One pattern, every brand
The temptation with per-brand work is to optimise each one. I chose the opposite: every brand gets the same topology even if a particular brand could technically use less. The cost is some over-provisioning. The benefit is that any engineer can deploy any brand without project-specific knowledge, and a new brand goes from zero to three environments in hours, not days.
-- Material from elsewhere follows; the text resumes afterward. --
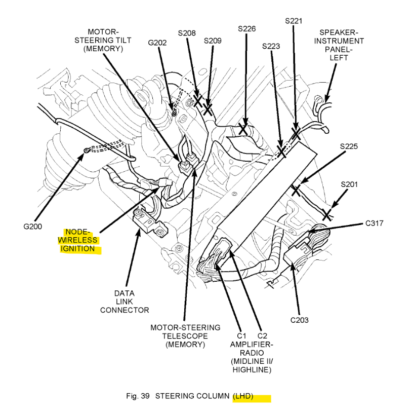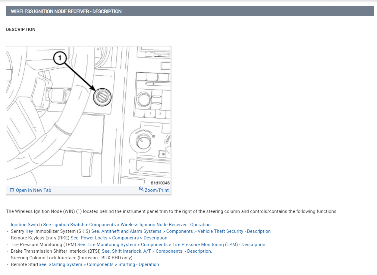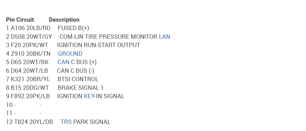Hello, service info on the wireless ignition module doesn't look completely correct, but here are the OEM wiring diagrams 1 and 2, and the connector pinout diagrams 3 and 4, then the win module location. The second to last diagram is another location diagram but it looks upside down for some reason, I added the network bus diagram as well, the pinout for the can bus C network pins look correct. Hope this helps some.
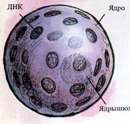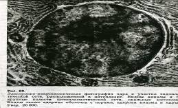 отделяет ядро от цитоплазмы, и в световой микроскоп она видна как очень тонкий контур. При увеличении электронного микроскопа в 40000—50000 раз хорошо видно, что ядерная оболочка состоит из двух мембран — наружной и внутренней, а между ними находится узкое пространство, заполненное полужидким веществом. Наружная и внутренняя мембраны ядерной оболочки имеют трехслойное строение и по этому признаку сходны как с наружной мембраной, так и с мембранами других органоидов клетки. В ядерной оболочке находится множество мельчайших пор, через которые из ядра в цитоплазму и обратно поступают белки, углеводы, жиры, нуклеиновые кислоты, вода и разнообразные ионы, т. е. осуществляется непрерывный обмен веществ между ядром и цитоплазмой. ,

AWS API over a hosted CI deploy plugin
Plenty of CI tools have one-click S3+CloudFront integrations. I built the deploy logic directly against the AWS API because the team needed visibility into what was happening at each step (which S3 prefix, which invalidation, which distribution) and the canned integrations hide that. When something goes wrong in production, the team can read the logs.
Outcomes
The topology has been quietly running for years. New brands onboard onto the same pattern, the same deploy story works for every site, and rollback is genuinely boring. The best infrastructure is the kind that doesn't ask for attention. This asks for very little.
What I'd do differently
The deploy logic should be Terraformed or CDK-managed end-to-end. Right now the per-brand AWS resources were created over time, some via console, some via API. Bringing them all under infrastructure-as-code would make new-brand onboarding faster and disaster recovery easier. This is a known debt; the work to clean it up has been deferred because the system runs reliably.
I'd also add automated visual regression to the deploy flow. A bad build can technically deploy clean (no errors) but render wrong in production. A screenshot-diff step between staging and the proposed prod artifact would catch the small class of bugs that pass code review but fail the human eye.